= List of Shigurui episodes =

Shigurui (シグルイ) is a manga series by Takayuki Yamaguchi, based on the first chapter of the novel Suruga-jō Gozen Jiai by Norio Nanjō. An animated television adaptation, based on the first 32 chapters (or the initial six and a half volumes) of the manga.

It aired on WOWOW from July 19 to October 12, 2007. The series was directed by Hiroshi Hamasaki, written by Seishi Minakami, and produced by Madhouse Studios. The series is noted for its realistic graphic violence and nudity as well as its abrupt ending. The anime was licensed in North America by Funimation Entertainment under the fully translated title Shigurui: Death Frenzy. The licensing was announced in May 2008, and the full series was released on March 31, 2009, on Blu-ray and DVD.

==Episode list==

| No. | Title | Original release date |
| 1 | "Sword Match at Sunpu Castle" Transliteration: "Sunpujō gozen jiai" (Japanese: 駿府城御前試合) | July 19, 2007 |
In 1629, the daimyō Tokugawa Tadanaga, decides to stage a samurai tournament where the participants fight with real steel swords rather than wooden swords against the strong objection of his advisor. To everyone's surprise the first challenge is between one-armed Gennosuke Fujiki and the crippled and blind Seigen Irako. In a flashback to 1622, seven years earlier, Irako is seen approaching the Iwamata dojo in Kagegawa, famous for the Kogan style, to challenge the master. However before he faces the master he must first defeat two apprentices. His first match is with Gennosuke Fujiki whose fingers he damages in the encounter.
| 2 | "The Yodare-Azuki Ceremony" Transliteration: "Yodare azuki" (Japanese: 涎小豆) | July 26, 2007 |
In 1601, Iwamata Kogan tests his sword by beheading six criminals in one stroke. Back in 1622, while Gennosuke Fujiki nurses his damaged fingers, Irako must next face a superior foe to earn the right to meet the sensei. His next opponent is Ushimata who wields a large wooden sword. Irako is outclassed, and asks to join the dojo, but Ushimata is angered and wounds him anyway. While Irako contemplates marrying Kogan's daughter Mie, he is summoned to meet Iwamata Kogan. In a flashback, Kogan faces Yagyu Munenori in a match at the Yagyu Estate, and after saving him from yielding embarrassingly, declared the match a draw. However he recalls how Munenori later duped him into embarrassing himself while being interviewed as a sword instructor at the House of Tokugawa. Back in the present, Irako is then taken to meet the Kogan, where he is bound and a yodare azuki (涎小豆, red bean) is placed on his forehead. A demented and incontinent Iwamata Kogan then enters and although appearing to have no control of his body, slices the bean without touching Irako's skin, accepting him into the dojo.
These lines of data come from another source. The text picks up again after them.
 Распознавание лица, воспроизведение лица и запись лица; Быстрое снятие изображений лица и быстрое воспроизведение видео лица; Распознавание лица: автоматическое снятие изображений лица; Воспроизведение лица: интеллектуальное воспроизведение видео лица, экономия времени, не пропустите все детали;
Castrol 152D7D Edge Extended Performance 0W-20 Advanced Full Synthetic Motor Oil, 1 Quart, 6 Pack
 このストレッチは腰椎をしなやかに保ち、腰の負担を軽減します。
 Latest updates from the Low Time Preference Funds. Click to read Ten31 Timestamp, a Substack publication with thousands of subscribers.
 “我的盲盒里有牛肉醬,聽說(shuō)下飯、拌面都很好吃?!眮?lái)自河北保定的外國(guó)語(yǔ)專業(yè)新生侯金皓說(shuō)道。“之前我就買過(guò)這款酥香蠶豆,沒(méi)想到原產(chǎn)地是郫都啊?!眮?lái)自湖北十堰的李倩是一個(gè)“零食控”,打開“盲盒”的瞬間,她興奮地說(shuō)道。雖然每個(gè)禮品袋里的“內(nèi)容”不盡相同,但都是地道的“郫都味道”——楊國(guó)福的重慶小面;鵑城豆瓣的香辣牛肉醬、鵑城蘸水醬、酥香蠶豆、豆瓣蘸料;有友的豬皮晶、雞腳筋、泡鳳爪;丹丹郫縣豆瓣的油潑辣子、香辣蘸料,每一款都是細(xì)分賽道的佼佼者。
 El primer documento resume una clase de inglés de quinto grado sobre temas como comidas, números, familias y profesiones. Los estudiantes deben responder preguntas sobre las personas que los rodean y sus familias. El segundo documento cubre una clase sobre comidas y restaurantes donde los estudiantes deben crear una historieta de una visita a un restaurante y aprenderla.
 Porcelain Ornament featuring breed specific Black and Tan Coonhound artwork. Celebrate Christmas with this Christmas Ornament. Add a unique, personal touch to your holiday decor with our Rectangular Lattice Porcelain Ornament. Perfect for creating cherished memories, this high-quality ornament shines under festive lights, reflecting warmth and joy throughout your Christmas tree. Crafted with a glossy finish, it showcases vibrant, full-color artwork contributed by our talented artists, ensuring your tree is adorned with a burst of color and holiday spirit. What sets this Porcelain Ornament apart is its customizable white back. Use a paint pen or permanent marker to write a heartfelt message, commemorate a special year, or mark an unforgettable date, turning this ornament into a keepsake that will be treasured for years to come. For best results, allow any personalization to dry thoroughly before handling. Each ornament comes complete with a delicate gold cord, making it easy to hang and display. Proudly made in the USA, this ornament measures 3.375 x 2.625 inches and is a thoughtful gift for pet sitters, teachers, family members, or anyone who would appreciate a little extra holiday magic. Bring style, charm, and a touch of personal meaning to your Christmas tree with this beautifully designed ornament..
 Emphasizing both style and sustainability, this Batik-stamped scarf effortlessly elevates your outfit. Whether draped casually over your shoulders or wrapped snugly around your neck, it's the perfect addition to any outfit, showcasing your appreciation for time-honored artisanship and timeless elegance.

| 3 | "Kamaitachi" Transliteration: "Kamaitachi" (Japanese: 鎌鼬) | August 2, 2007 |
A year passes and Irako has seduced Kogan's daughter Mie, mastered Ushimata's technique and become a potential successor to Kogan. During periods of lucidity, Kogan give instructions at the dojo. Kogan devises a challenge to clarify which of Irako and Fujiki are the most likely candidates to be his successor, to bring the heads of twin sons of the master Funaki Ichidensai, the two best swordsmen in Nissaka. They confront the twins at night in the woods, initially claiming to be Kamaitachi rather than samurai. The two Kogan win the contest, and return with the faces of the Funaki twins, pausing as Irako vomits by the roadside.
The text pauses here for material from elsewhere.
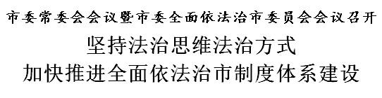 会议强调,要坚持制度治党、依规治党,推进中央党内法规的具体实施,完善我市党内法规制度体系,确保党中央决策部署不折不扣落实到位。政府立法要注重与人大常委会立法规划的有效衔接,聚焦重大国家战略、重大工作举措,立良法、立好法,切实提高立法质量;聚焦经济社会发展现实问题,及时制定出台政府规章,加强地方立法实践探索,健全完善我市法规体系。完善制度化、程序化的行政执法争议协调机制,及时化解行政争议,提高行政执法水平和效率。充分发挥督办工作对法治建设的督促作用,推动中央全面依法治国决策部署落地落实。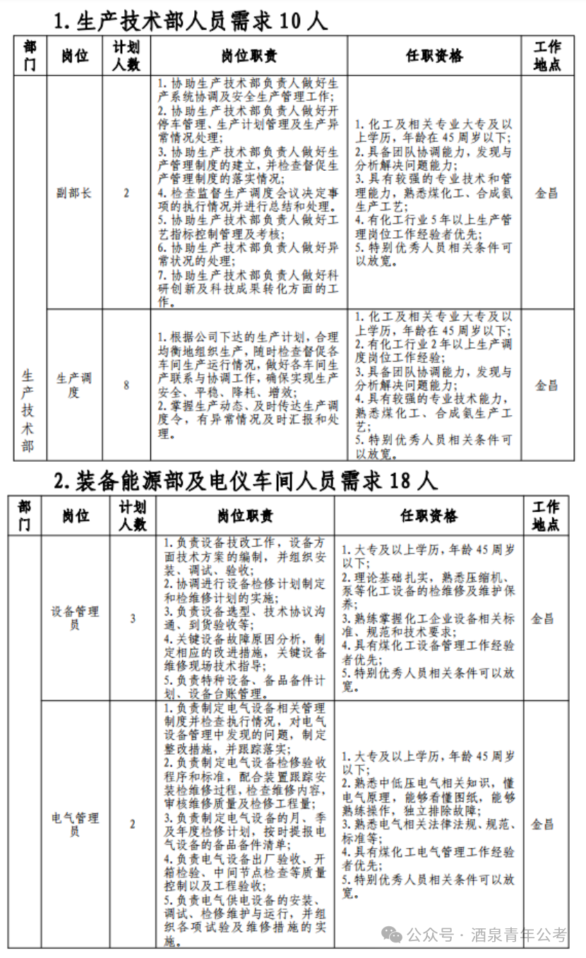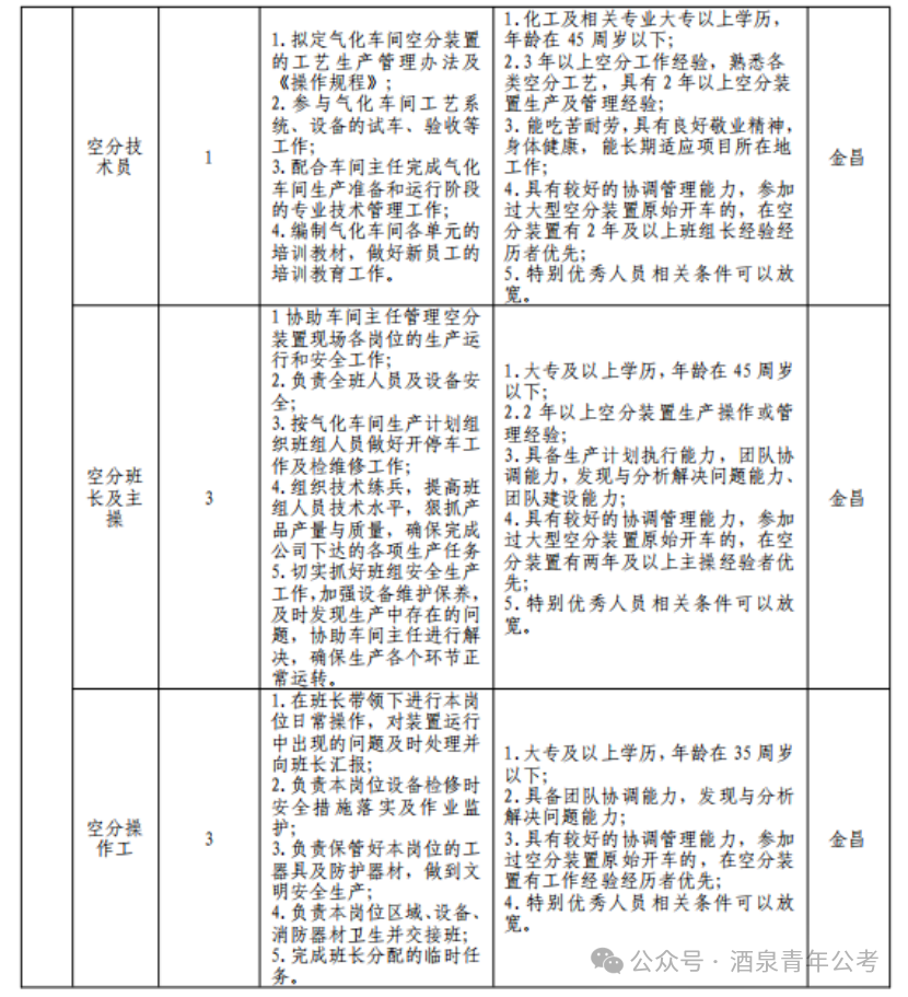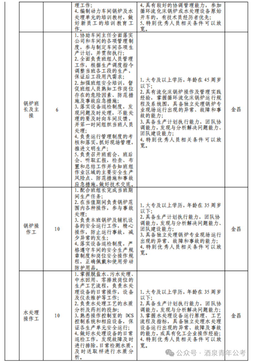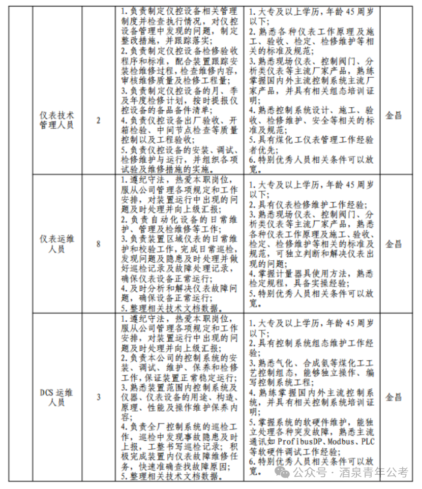 (七)具有突出可查业绩或获得县处级及以上奖励或具有相关专业中级以上职称者可适当放宽年龄限制;应聘人员有化工企业工作经历的优先。

| 4 | "Children's Song" Transliteration: "Warabeuta" (Japanese: 童歌) | August 9, 2007 |
Children mock Lady Iku in a song suggesting that she is cursed after two of her fiancés died. Meanwhile, the Kogan disciples give credit to Fujiki for their success over the Funaki as he struck the older twin first giving an opening to Irako. Lady Iku encounters Irako in the bath house who tells her that he believes her husband Kogan was responsible for her fiancé's death and that she is not cursed. Later he is warned by Ushimata not to visit her again. Kogan selects Irako as his heir, and orders Mie let him mate with her in the presence of the other disciples. Fujiki, despite his feeling for Mie, is one of the men who restrains her when she refuses. Only through Irako's pleading is the copulation postponed until after the wedding. On a cold winter night, Fujiki is approached by Funaki swordsman seeking revenge, but even though his fingers are numb with cold, Fujiki defeats him using the Nagare Boshi (Shooting Star) strike.
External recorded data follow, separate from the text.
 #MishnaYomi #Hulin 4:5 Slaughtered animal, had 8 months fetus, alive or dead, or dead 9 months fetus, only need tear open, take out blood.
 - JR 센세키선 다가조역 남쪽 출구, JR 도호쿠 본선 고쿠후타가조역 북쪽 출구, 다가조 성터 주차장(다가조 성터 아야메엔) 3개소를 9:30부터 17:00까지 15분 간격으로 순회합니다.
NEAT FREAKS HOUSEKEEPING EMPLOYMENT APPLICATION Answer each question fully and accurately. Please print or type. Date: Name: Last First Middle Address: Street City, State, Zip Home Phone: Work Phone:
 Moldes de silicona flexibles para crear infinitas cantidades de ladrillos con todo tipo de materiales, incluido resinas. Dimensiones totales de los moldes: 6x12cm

| 5 | "Secret Swordplay Technique Instruction" Transliteration: "Hiken denju" (Japanese: 秘剣伝授) | August 23, 2007 |
The Kogan instructors discuss Irako's past in a merchant family and Fujiki temporarily disappears from the dojo after Irako is made heir. At one of his secret meetings with Lady Iku at the Totomi Inn, Irako says he can no longer see her. In a flashback, Irako's mother is seen prostituting herself, even while pregnant. When she finally gives birth, she is six months overdue. Irako arrives crawling from the day he was born and prone to violence at a young age. Meanwhile Master Kogan becomes suspicious of his mistress Iku's conduct and slices off a nipple as punishment. Later, Irako is summoned to the Kontake Shrine on Akiba Mountain, the place where Master Kogan first awoke to the Nagare Boshi technique, and is promised instruction in the Shooting Star Technique.
| 6 | "Birth Cry" Transliteration: "Ubugoe" (Japanese: 産声) | August 30, 2007 |
Ushimata tells Lady Iku, now imprisoned at the Kogan dojo, that Irako will be punished. At the Kontake Shrine, Irako is told that before he is shown the Nagare Boshi technique, he must first fight Ushimata with wooden blades. However, the bout is rigged, and Irako suffers two punishing blows from Ushimata after Irako withholds his winning move. He is then asked to fight Fujiki, and although they are evenly matched, Fujiki downs Irako. With his back turned, Irako attacks Fujiki from behind, imagining inheriting the Kogan dojo, marrying Mie and Fujiki having to pay his respects. However, Fujiki retaliates and almost beats Irako to death with his hands. While still suffering from his injuries, Lady Iku is forced to mutilate Irako with a hot iron, but burns her breast instead. Finally Irako faces Sensai Kogan who blinds him, ending Irako's dreams of the Kogan inheritance, and he makes Fujiki his successor.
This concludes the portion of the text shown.